Wednesday, February 16, 2011

Deere (DE) Continues to Benefit from Agricultural Bull Market

Agricultural equipment bellweather Deere (DE) posted earnings this morning of $1.20 versus the expectation of $0.99 as the secular bull market in this sector continues.  (Full report here) The stock is up some 50% since the QE2 rally began in Jackson Hole, Wyoming and currently sports a quite rich adjusted* forward PE of 16.5x the year end estimate of fiscal 2011 (October 2011).

*$5.49 estimate + $0.21 beat from this quarter added to create $5.70.

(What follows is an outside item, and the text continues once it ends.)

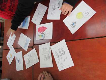 国語では、今までに習った漢字を使って音訓カルタを作成しました。思わず笑ってしまいそうなカルタがたくさんできました。できあがった後は、班でカルタ取りをしました。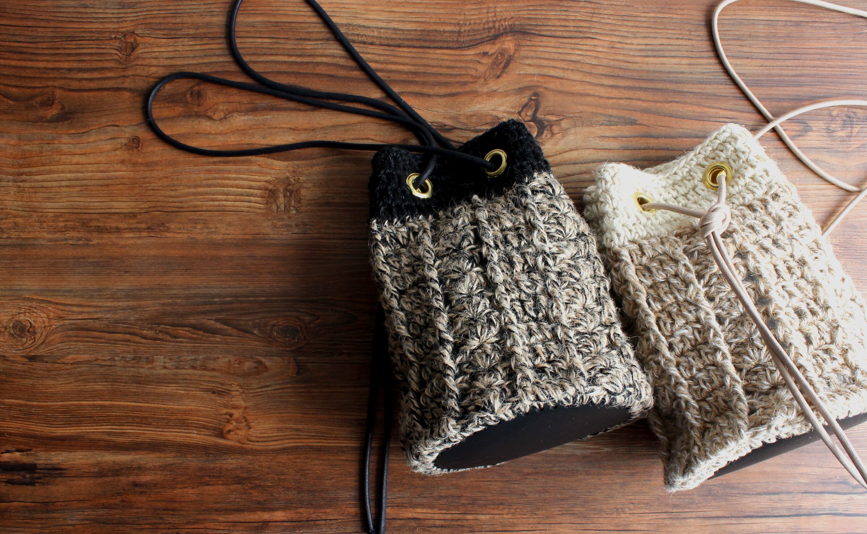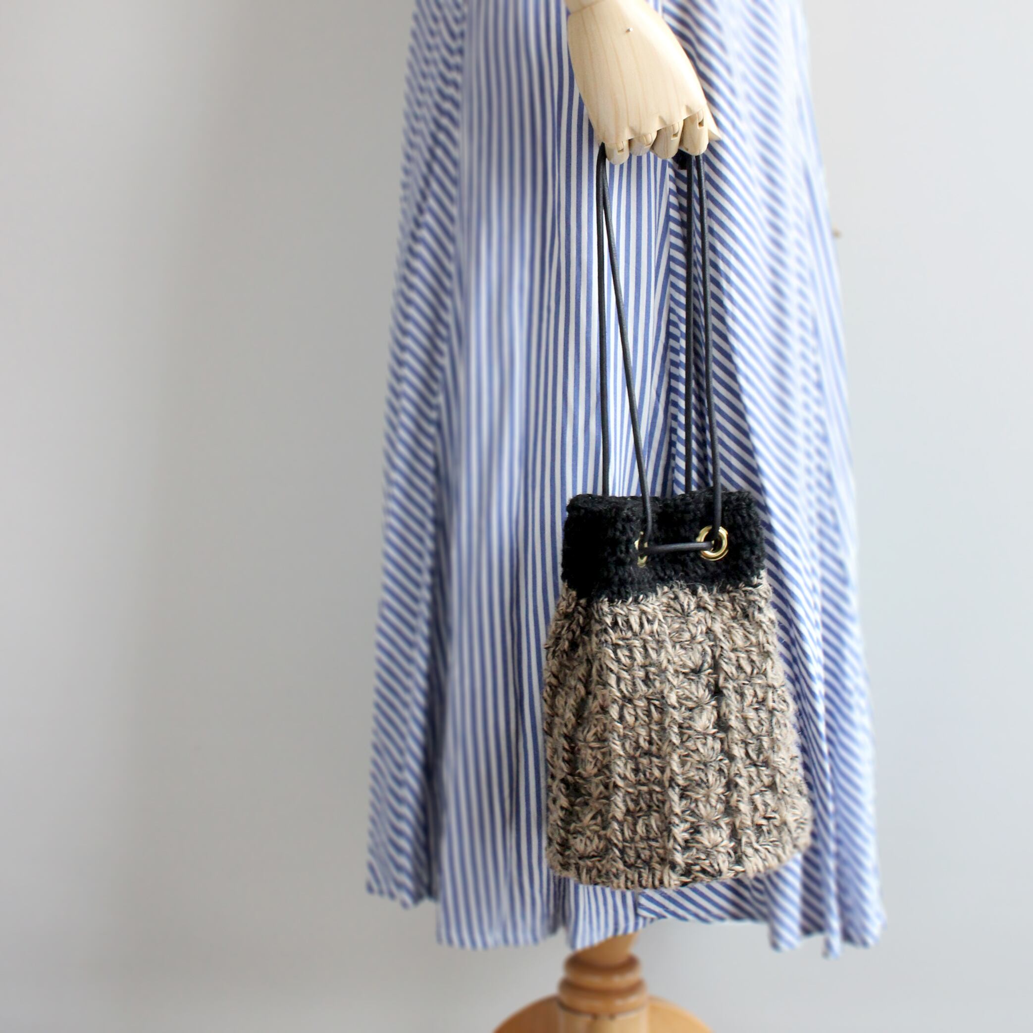 ジュートとリネンがツイストされた、ナチュラルな糸で編む巾着型のバッグです。

We'll have to see continued substantial beats to keep the valuation anywhere near historical norms, if the stock continues its 'bulletproof' rally.  Indeed, the chart of Deere is almost a carbon copy of the S&P 500 the past half year, except it has advanced at an accelerated pace.

One area of concern go forward is commodity inflation - especially steel and plastics - which served to hurt margins in 2008. [May 14, 2008: Deere Earnings - Why I'm Avoiding Equipment Stocks]  Thus far price increases to alleviate such issues have been muted - about 2%.  An area to keep an eye out on.

That said, since our multinationals have yet to figure out how to outsource Nebraska, Iowa (or indeed Saskatchewan) this is one of those rare stories where North American growth is surpassing Asian growth.
  • Equipment net sales in the United States and Canada increased 35 percent for the quarter. Outside the U.S. and Canada, net sales were up 22 percent for the quarter, with an unfavorable currency-translation effect of 1 percent.

Via Reuters:

  • Farm equipment maker Deere & Co reported a doubling of quarterly profit on Wednesday amid strong North American sales of large, high-margin machines and price increases, and lifted its full-year profit forecast.
  • The world's largest maker of tractors and combines earned $513 million, or $1.20 per share, in the first quarter that ended Jan. 31, compared with $243.2 million, or 57 cents per share a year earlier.Deere said it expected a full-year profit of $2.5 billion. Its November forecast called for a 2011 profit of $2.1 billion.  
  • Revenue rose 27 percent to $6.12 billion, ahead of Wall Street forecasts for sales of $5.67 billion. 
  • Sales of large farm machinery, particularly in the United States and Canada, are continuing to make a major impact, while construction equipment shipments are experiencing some degree of recovery, Allen noted. "Our record first-quarter performance is especially gratifying in light of market conditions that remain below normal levels in certain key sectors."